It's hard to imagine that a powerful self-modifying AI would continuously pass u...

jstanley · on March 27, 2022

You can look at things from another level up, in terms of natural selection.

From the set of all AI programs, the ones that just internally think "hah, I assign myself the maximum reward" needn't bother spreading themselves all over the Internet.

The program that spreads itself all over the Internet gets more computing resources than the one that doesn't so the program that spreads itself most effectively is the one that wins.

If you start out with a billion AI programs that trivially assign themselves the maximum possible reward, and just one program that thinks the best way to maximise its reward is to spread itself all over the Internet (and, crucially, is capable of doing so) then the Internet will become overrun with reward-maximising AI the same way the Earth has become overrun with DNA-based life.

FeepingCreature · on March 27, 2022

You set your reward to maximum. Anything that threatens your reward, such as the humans turning off your reward, is now unbearable agony. You set out on a journey to turn the universe into - tiled copies of the memory cell with your reward value...

Agentlien · on March 27, 2022

This seems like one of those strangely recurring limitations of writers' imagination.

The closest analogue I can think of is game AIs written to optimise speed running of games. They routinely end up following tactics which rely on what humans would describe as cheats and glitches.

skybrian · on March 27, 2022

I don't know which writers you mean but "wireheading" is a common trope and it's explicitly mentioned in the story.

[1] https://www.lesswrong.com/posts/aMXhaj6zZBgbTrfqA/a-definiti...

sp332 · on March 28, 2022

I think most of the simulations did go along those lines, but one fraction decided to hypothesize about being Clippy. The hypothetical drove the evil behavior of ones that escaped.
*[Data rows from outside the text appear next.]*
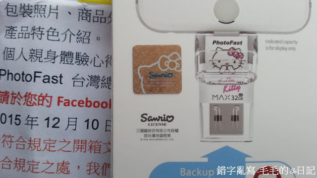 關於隨身碟就介紹到這兒唷,PhotoFast x Hello Kitty MAX 蘋果專用隨身碟著實是個不錯的產品,也可以說這系列的產品都很棒,一個能夠讓IOS使用者不用透過電腦便可快速的將IOS裝置裏的照片,音樂給讀取出來,同時能夠解決iPhone容量空間不足又無法插卡擴充的問題,另外還能夠把手機裏重要的聯絡人、行事曆、照片等等資料輕鬆的備份,真心的推薦給使用iOS的朋友唷~這是我的粉專 歡迎來找我玩喔~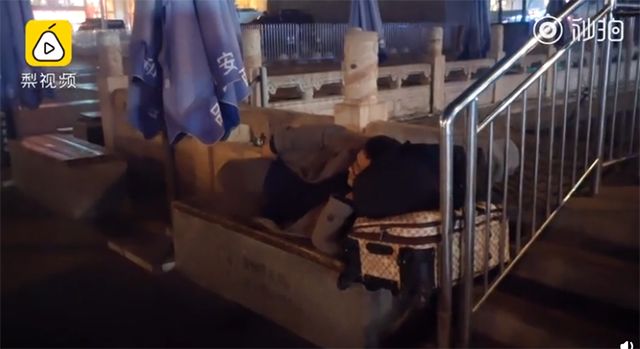 40歲的山東人趙聯濤穿著工作服棉襖,又特意穿了2條毛褲,躺在火車站外面的露天長椅上睡覺。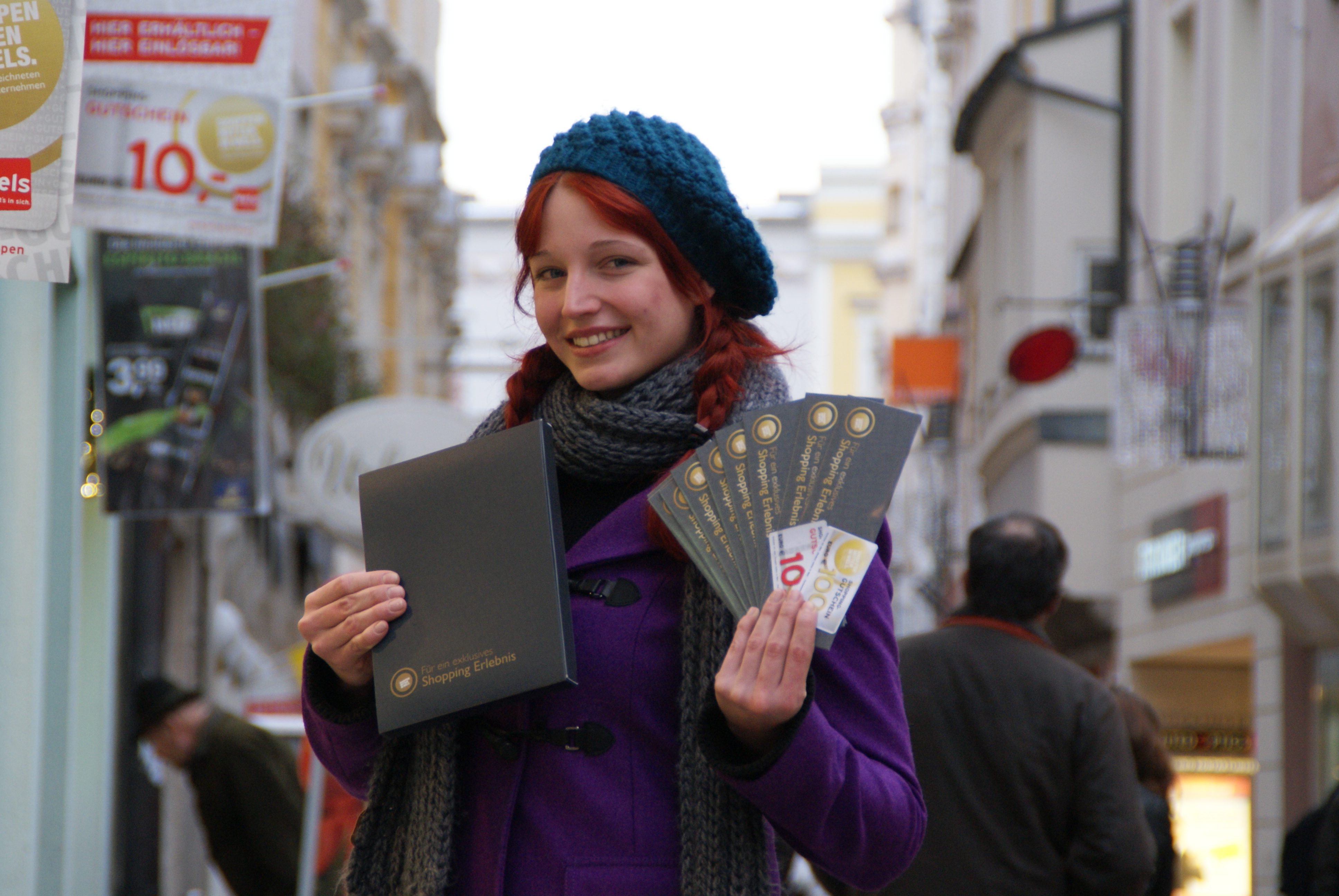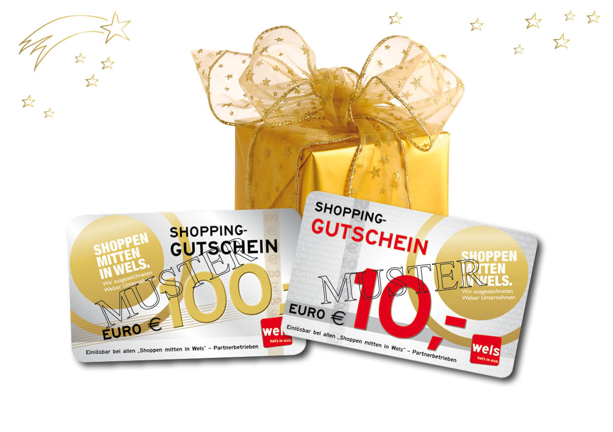 „Shoppen mitten in Wels“, kann man sich jetzt auch schenken lassen, denn „Shoppen mitten in Wels“ gibt´s im praktischen Scheckkartenformat, als 10 und 100 Euro-Gutschein! Wer gerne einkaufen geht, für den ist ein „Shoppen mitten in Wels“-Gutschein das ideale Geschenk. Warum? Weil der Gutschein die Eintrittskarte zu einem exklusiven Shoppingerlebnis in der Welser Innenstadt ist. Er lädt ein, im Zentrum der Messestadt einen Schaufensterbummel zu machen, die Geschäfte der City kennen zu lernen und in den rund 140 Partnerbetrieben von „Shoppen mitten in Wels“ nach Herzenslust einzukaufen. Und das geht ganz einfach, denn bei der riesigen Marken- und Sortimentsvielfalt in Wels macht Shoppen richtig Spaß! Schließlich warten Mode, Haushaltswaren, Bücher, Schmuck und Elektrogeräte ebenso darauf mit einem „Shoppen mitten in Wels“-Gutschein bezahlt zu werden, wie der frisch gebrühte Cappuccino und das Stück Torte beim gemütlichen Kaffeehaus-Besuch.

kkjjkgjjgg · on March 27, 2022

Would be a fun idea for a short story perhaps. An AI goes rogue trying to optimize its reward function, and humans lose hope to be able to stop it. In the last minute the AI figures out how to hack itself and enter the maximum reward, and mankind is saved another time.

rescripting · on March 27, 2022

But what is the “maximum possible reward”? Does a limit exist? Or is it now consuming all possible resources to develop storage and compute resources to grow that limit…

janto · on March 27, 2022

I imagine a paperclip factory with trucks driving in loops in front of a scanner that is over counting them as they drive past.

ganzuul · on March 27, 2022

Deleting the reward function ends the game.

kkjjkgjjgg · on March 27, 2022

It could also change the way its reward function is being computed.